Any one been to Simcoe this year? Any one planning a trip up?


----------



## fire17 (Jan 30, 2015)

Full_Choke said:


> Any one been to Simcoe this year? Any one planning a trip up?


Dont know if they have "good ice" But would be interested in going up also if they do.


----------



## revpilot (Feb 10, 2009)

Leaving next Wednesday . I'll report back on Sunday.


----------



## BIGEYURK25 (Apr 4, 2013)

Heard 8-10" of ice in cooks bay


----------



## Full_Choke (Apr 13, 2004)

BIGEYURK25 said:


> Heard 8-10" of ice in cooks bay


I haven't checked reports for Jackson Pointe but Port Bolster looks good.
Good luck Revpilot


----------



## bigfish713 (Dec 20, 2005)

Heading there next week 
Revpilot please post a report or pm me


----------



## kisherfisher (Jul 16, 2012)

From another site , there have been good catches in deeper water off Port Bolster.Good ice with some snow on top.


----------



## kisherfisher (Jul 16, 2012)

revpilot said:


> Leaving next Wednesday . I'll report back on Sunday.

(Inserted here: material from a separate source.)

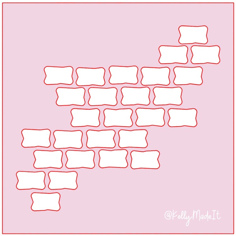 To finish the background, I stencilled a brick pattern in the corners using Distress Oxide Inks. I made my own stencil and offer it free for your own personal use. Click here to download it! It downloads an 8×8 inch stencil, you can up-size or minimize it to work on your own pretty projects. If you’d like the .SVG version, email me at Kellymadeit.wordpress@gmail.com and I’ll be happy to send it along (unfortunately, I can’t upload an .SVG to WordPress).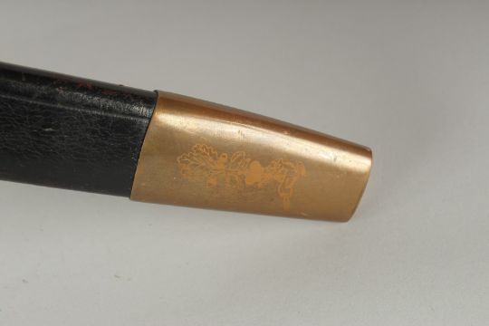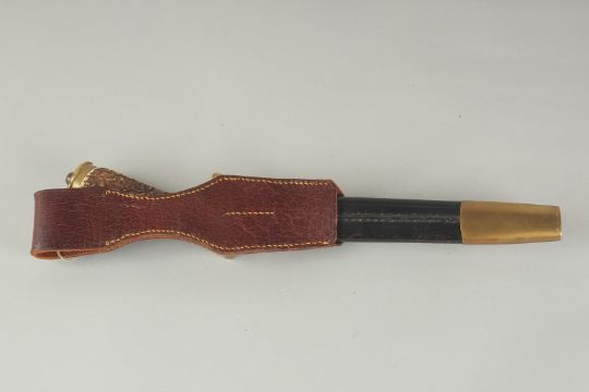 A GERMAN KNIFE with engraved, 8.5ins blade. VIVE LE ROX ET SES CHASSEURS with bone handle, in a leather sheath.

Good luck Rev ! I didn't make plans for over there thinking Erie was a go this year .LOL


----------



## Scum_Frog (Apr 3, 2009)

seen some pics on revpilots page. Seems to be doing pretty well up there!!!


----------



## Sdfish (Jan 8, 2015)

I'd like to plan a trip up there with my son next year. Does anyone have info for somewhere to stay that's on the water to wake up and walk out and fish. Or even a semi- guided trip? Any info would be appreciated.


----------



## BibbsTaxidermy (Aug 31, 2009)

revpilot said:


> Leaving next Wednesday . I'll report back on Sunday.


REV any info from your trip!? Thinking about going this upcoming weekend!


----------



## Full_Choke (Apr 13, 2004)

Sdfish said:


> I'd like to plan a trip up there with my son next year. Does anyone have info for somewhere to stay that's on the water to wake up and walk out and fish. Or even a semi- guided trip? Any info would be appreciated.


Lots of info on another site, I'll send you a PM


----------